--- TASK BRIEF ---
Within the entries below, please retype exactly the lines starting with the line that has "林群校长和夏敏副校长分别听取" and going on through the line that has "Features and applications: Bearings", but not the pictures.

--- THE RECORDS ---
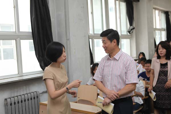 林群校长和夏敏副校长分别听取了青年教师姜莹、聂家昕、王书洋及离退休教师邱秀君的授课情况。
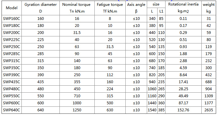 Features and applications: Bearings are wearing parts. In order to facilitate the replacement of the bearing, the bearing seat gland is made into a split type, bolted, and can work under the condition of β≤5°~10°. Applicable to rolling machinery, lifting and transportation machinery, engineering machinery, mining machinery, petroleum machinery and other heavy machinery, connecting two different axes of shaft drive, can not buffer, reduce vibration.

---

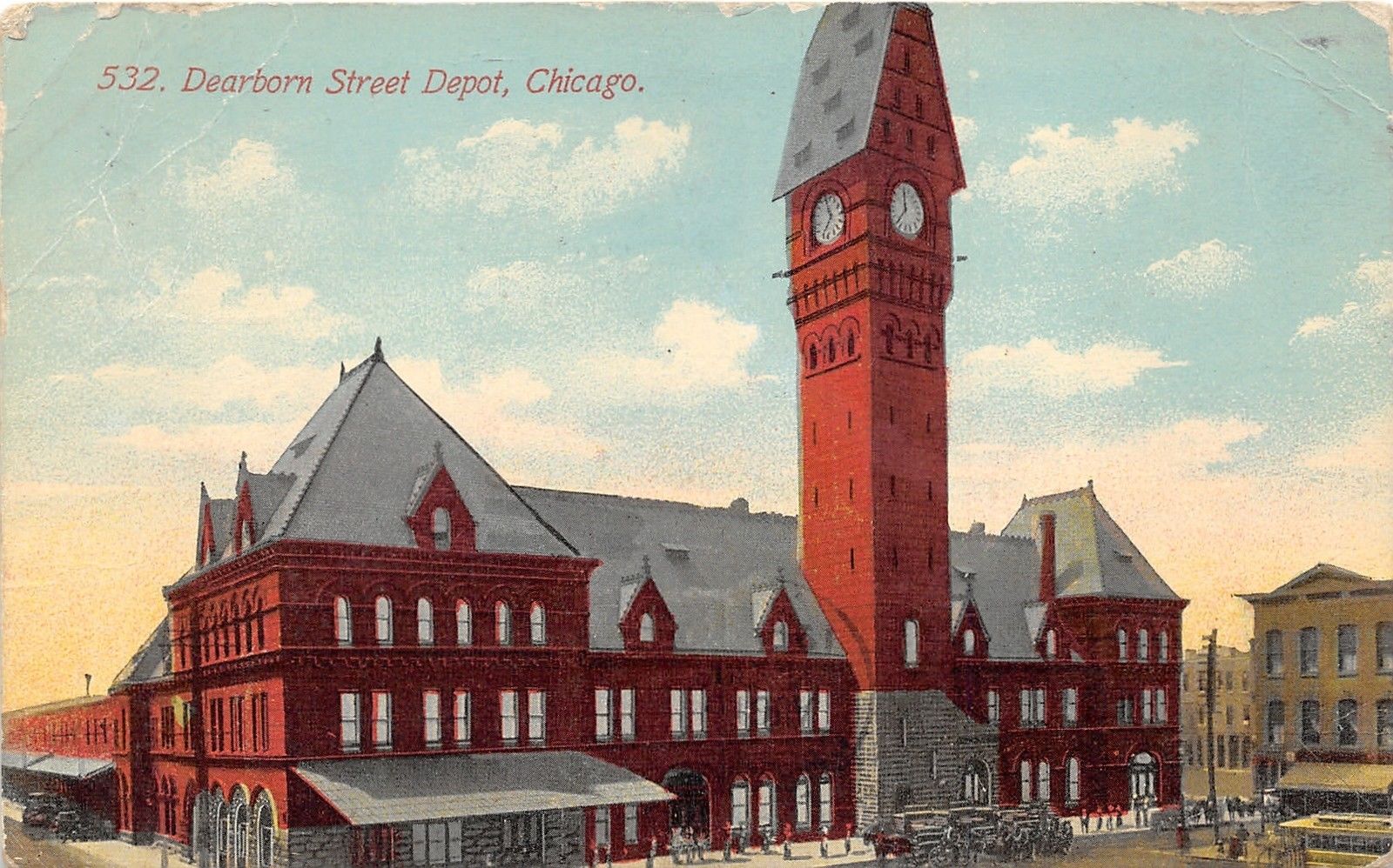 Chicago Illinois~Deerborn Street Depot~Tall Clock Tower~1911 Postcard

--- ANSWER TO THIS PROBLEM ---
 林群校长和夏敏副校长分别听取了青年教师姜莹、聂家昕、王书洋及离退休教师邱秀君的授课情况。
 Features and applications: Bearings are wearing parts. In order to facilitate the replacement of the bearing, the bearing seat gland is made into a split type, bolted, and can work under the condition of β≤5°~10°. Applicable to rolling machinery, lifting and transportation machinery, engineering machinery, mining machinery, petroleum machinery and other heavy machinery, connecting two different axes of shaft drive, can not buffer, reduce vibration.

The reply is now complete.